# Scroll Bar Disappearing



## SadSamIAm (Oct 29, 2010)

Is anyone else having issue with the Scroll Bar (right side of browser) going away when in TAM? 

Wondering if it is something with Firefox, my computer or with TAM itself.


----------



## Almostrecovered (Jul 14, 2011)

scroll bars are timid by nature, the often aggressive nature of some TAM posters makes it run away


----------



## Administrator (May 8, 2013)

Hello, 

The scroll bar seems to be working on my end with FireFox.

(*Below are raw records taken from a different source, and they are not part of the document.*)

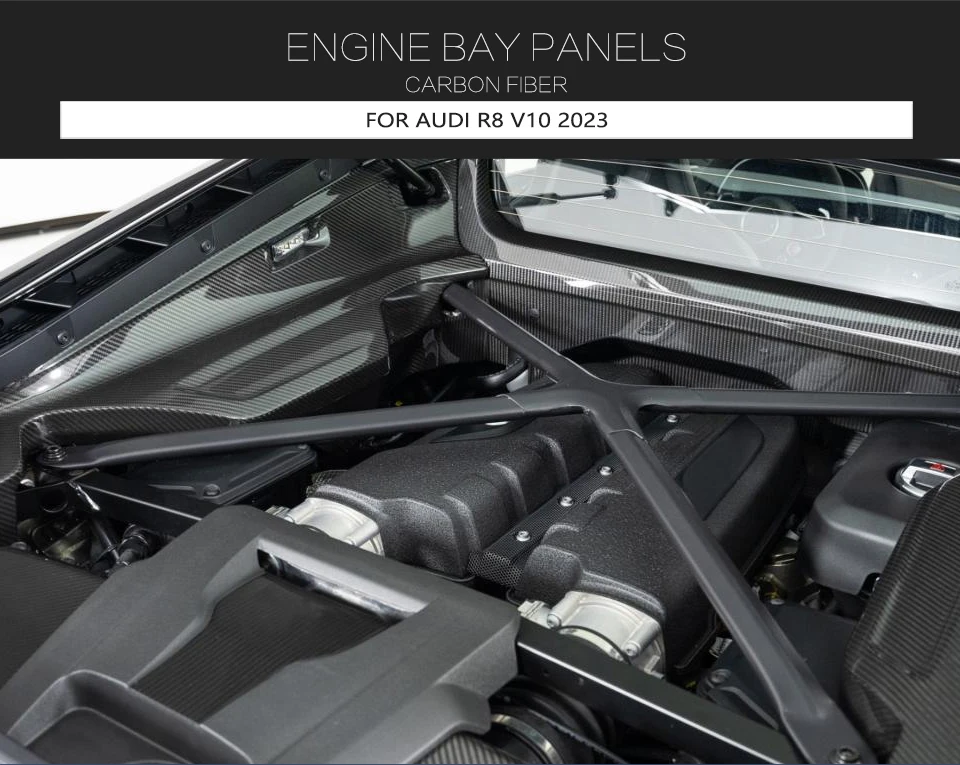 Dry Carbon Car Engine Bay Panel For Audi R8 V10 RWD Coupe 2022 2023 Engine Bay Panel Trim Replacement Parts Body Kits
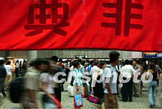 七月二十日,抵达北京西站的乘客不再测量体温。从当天开始,非典期间实行的中国铁路旅客填写“健康申报表”制度正式取消,旅客出站也不再需要进行体温检测,但进站旅客仍需检测体温。中新社记者:张炜
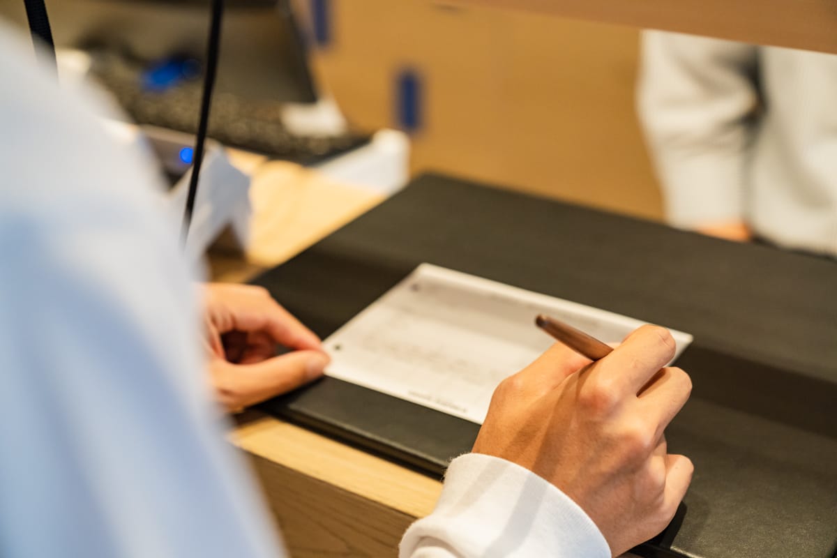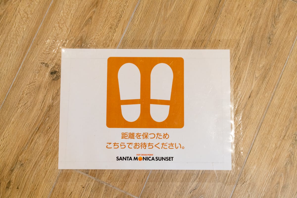 フロントカウンターの手前にはソーシャルディスタンスを図るための順番待ちラインが引かれています。前に他のお客様がいるときはここで待ちます。

Is it still missing for you? 

~KM, community support


----------



## SadSamIAm (Oct 29, 2010)

There was an X in the top right of the form regarding 'Sponsored Ads'. When I clicked on the X and chose 'stop seeing ad', my issue with the scroll bar disappearing went away.

I still see the X in the 'Sponsor Ads' section, but it is now gone from the top right portion of the TAM tab in Firefox.


----------



## Administrator (May 8, 2013)

SadSamIAm said:


> There was an X in the top right of the form regarding 'Sponsored Ads'. When I clicked on the X and chose 'stop seeing ad', my issue with the scroll bar disappearing went away.
> 
> I still see the X in the 'Sponsor Ads' section, but it is now gone from the top right portion of the TAM tab in Firefox.


Can you take a screenshot of what you're seeing so we can try to recreate it?

KN Community Support


----------



## SadSamIAm (Oct 29, 2010)

The 'X' is now gone. When I was having issues with the Scroll Bar, it was right at the top right of the screen. Exactly where the top of the scroll bar should have been.

Then the 'X' was right below where the words 'Sponsor Ads' and just before the actual ad. Now that X is gone as well.

Sorry I couldn't be more help. But all is good now.


----------